* _Problem details_
Exclude the pictures and transcribe the rest of the data below exactly.

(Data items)
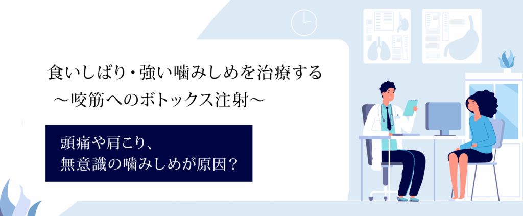 「噛む」という行為は、毎日食事の度に必要な動きです。咬筋などの筋肉に過剰な負担がかかっていると、首や肩などの筋肉にも炎症が起きやすくなり、頭痛や肩こりなど、さらに生じる痛みや違和感が別のストレスを生むこともあります。こうした自覚症状のある方はもちろん、睡眠時にご家族から歯ぎしりや食いしばりがあると言われている方、エラが硬く肥大していると感じる方、口を大きく開けづらい方などは、ぜひ当クリニックにご相談ください。
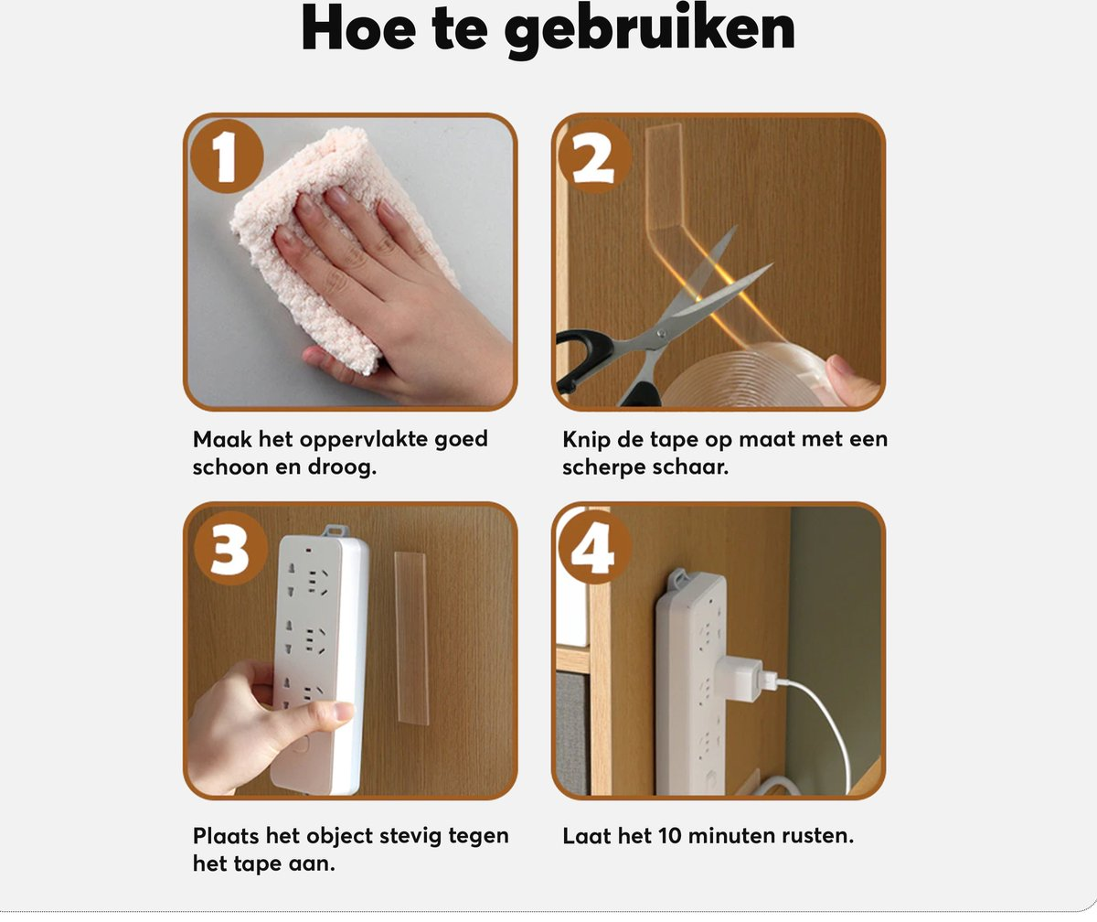 Misschien herken je dit. Je wilt iets ophangen maar je wilt of mag niet boren? Of, je wilt dat iets op zijn plek blijft zitten, een vloerkleed bijvoorbeeld. Je hebt normale dubbelzijdig tape geprobeerd, maar het blijf helaas niet zitten.
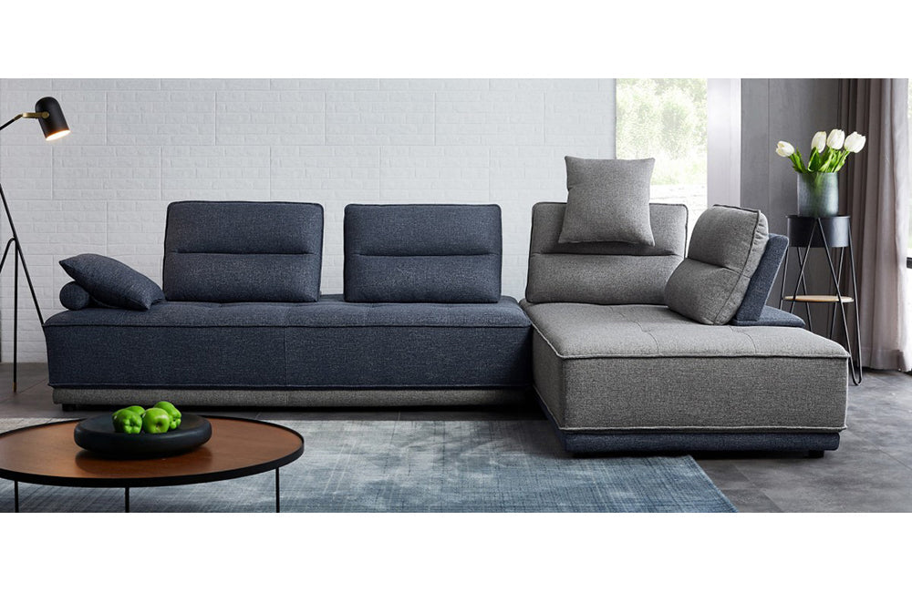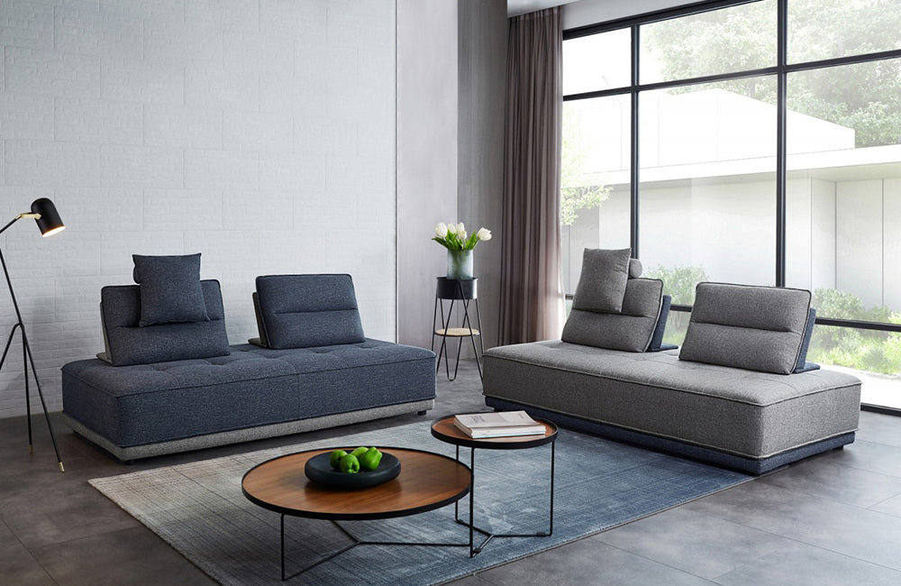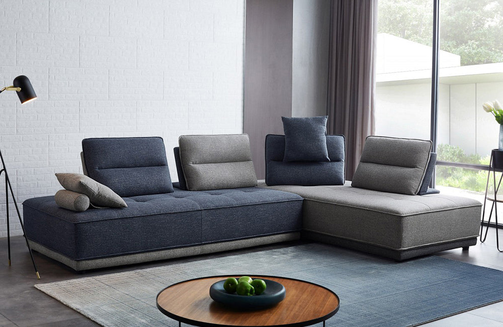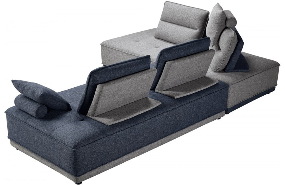 Divani Casa Glendale Modern Blue + Grey Fabric Modular Sectional Sofa
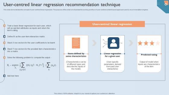 This slide demonstrates the concept of user-centred linear regression. The purpose of this slide is to illustrate the working and flow of user-centred content based approach used by recommendation engines.This User Centred Linear Regression Recommendation Technique Integrating Recommender System To Enhance Topics PDF from Slidegeeks makes it easy to present information on your topic with precision. It provides customization options, so you can make changes to the colors, design, graphics, or any other component to create a unique layout. It is also available for immediate download, so you can begin using it right away. Slidegeeks has done good research to ensure that you have everything you need to make your presentation stand out. Make a name out there for a brilliant performance.
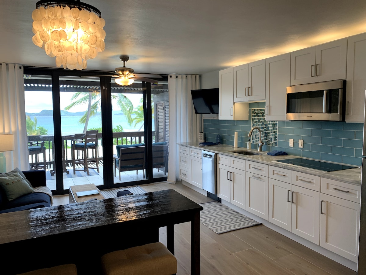 Beautiful Waterfront Condo, in gorgeous St. Thomas, U.S. Virgin Islands, overlooking Red Hook and uninhabited islands. All 32 condos were recently renovated as of 2020. Renovations are now complete on all units, and includes new exterior, new windows, doors, glass sliding doors all to building code. Inside the condo recent updates include a new kitchen, new stove, new ceiling fans, new bathroom vanity, new furniture. Air Conditioning a split level 24k unit works great and pumps cold A/C.
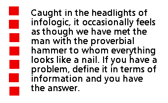 Overreliance on information leads to what we think of as "6-D vision." Unfortunately, this is not necessarily twice as good as the ordinary 3-D kind. Indeed, in many cases it is not as good, relying as it does on a one-dimensional, infocentric view.
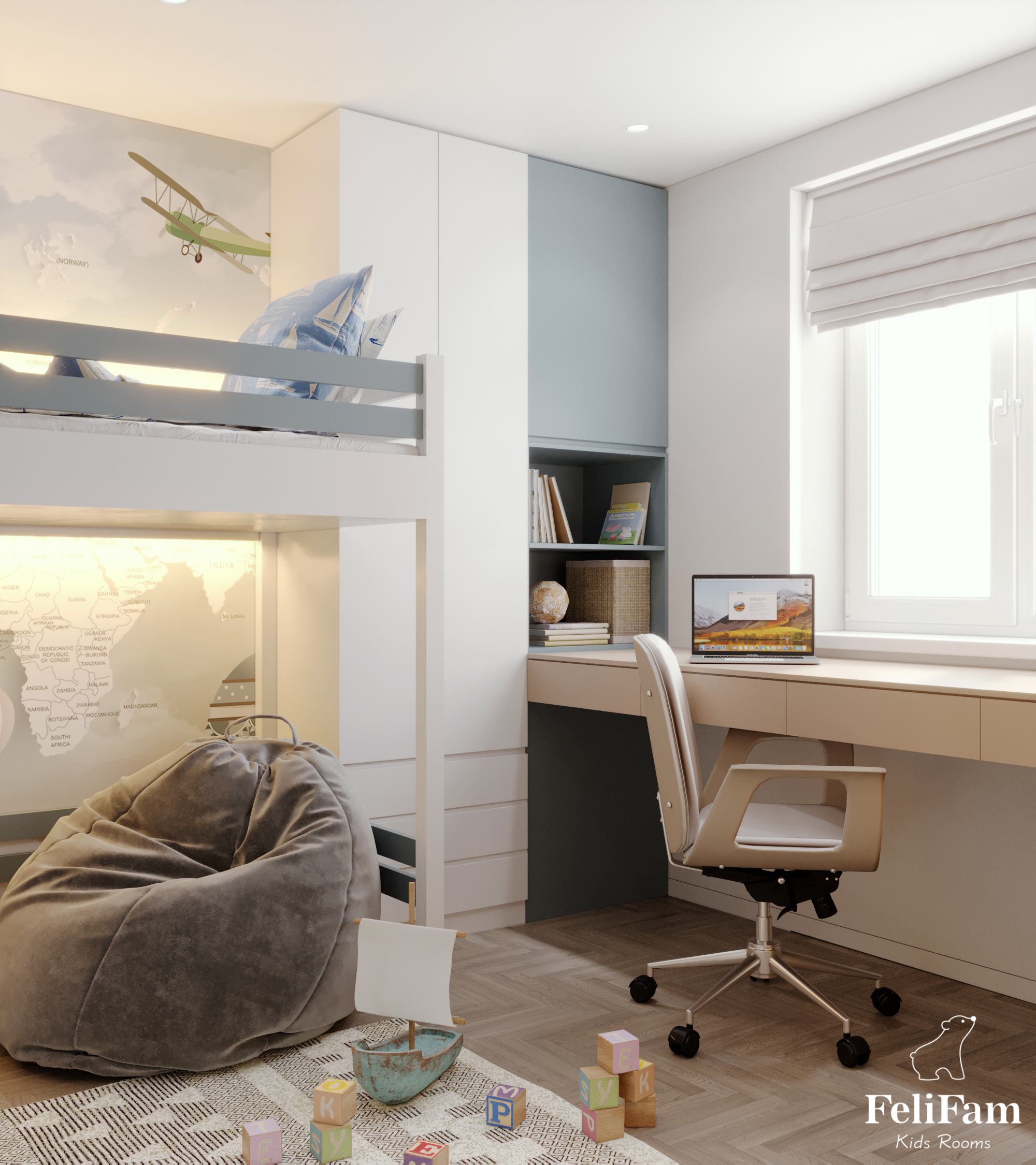 Do you want to create something similar? Then we advise you to be especially careful when choosing furniture for children’s rooms, because it should “grow” and transform with your child, be as functional and high-quality as possible.

* _Output for this exercise_
 「噛む」という行為は、毎日食事の度に必要な動きです。咬筋などの筋肉に過剰な負担がかかっていると、首や肩などの筋肉にも炎症が起きやすくなり、頭痛や肩こりなど、さらに生じる痛みや違和感が別のストレスを生むこともあります。こうした自覚症状のある方はもちろん、睡眠時にご家族から歯ぎしりや食いしばりがあると言われている方、エラが硬く肥大していると感じる方、口を大きく開けづらい方などは、ぜひ当クリニックにご相談ください。
 Misschien herken je dit. Je wilt iets ophangen maar je wilt of mag niet boren? Of, je wilt dat iets op zijn plek blijft zitten, een vloerkleed bijvoorbeeld. Je hebt normale dubbelzijdig tape geprobeerd, maar het blijf helaas niet zitten.
 Divani Casa Glendale Modern Blue + Grey Fabric Modular Sectional Sofa
 This slide demonstrates the concept of user-centred linear regression. The purpose of this slide is to illustrate the working and flow of user-centred content based approach used by recommendation engines.This User Centred Linear Regression Recommendation Technique Integrating Recommender System To Enhance Topics PDF from Slidegeeks makes it easy to present information on your topic with precision. It provides customization options, so you can make changes to the colors, design, graphics, or any other component to create a unique layout. It is also available for immediate download, so you can begin using it right away. Slidegeeks has done good research to ensure that you have everything you need to make your presentation stand out. Make a name out there for a brilliant performance.
 Beautiful Waterfront Condo, in gorgeous St. Thomas, U.S. Virgin Islands, overlooking Red Hook and uninhabited islands. All 32 condos were recently renovated as of 2020. Renovations are now complete on all units, and includes new exterior, new windows, doors, glass sliding doors all to building code. Inside the condo recent updates include a new kitchen, new stove, new ceiling fans, new bathroom vanity, new furniture. Air Conditioning a split level 24k unit works great and pumps cold A/C.
 Overreliance on information leads to what we think of as "6-D vision." Unfortunately, this is not necessarily twice as good as the ordinary 3-D kind. Indeed, in many cases it is not as good, relying as it does on a one-dimensional, infocentric view.
 Do you want to create something similar? Then we advise you to be especially careful when choosing furniture for children’s rooms, because it should “grow” and transform with your child, be as functional and high-quality as possible.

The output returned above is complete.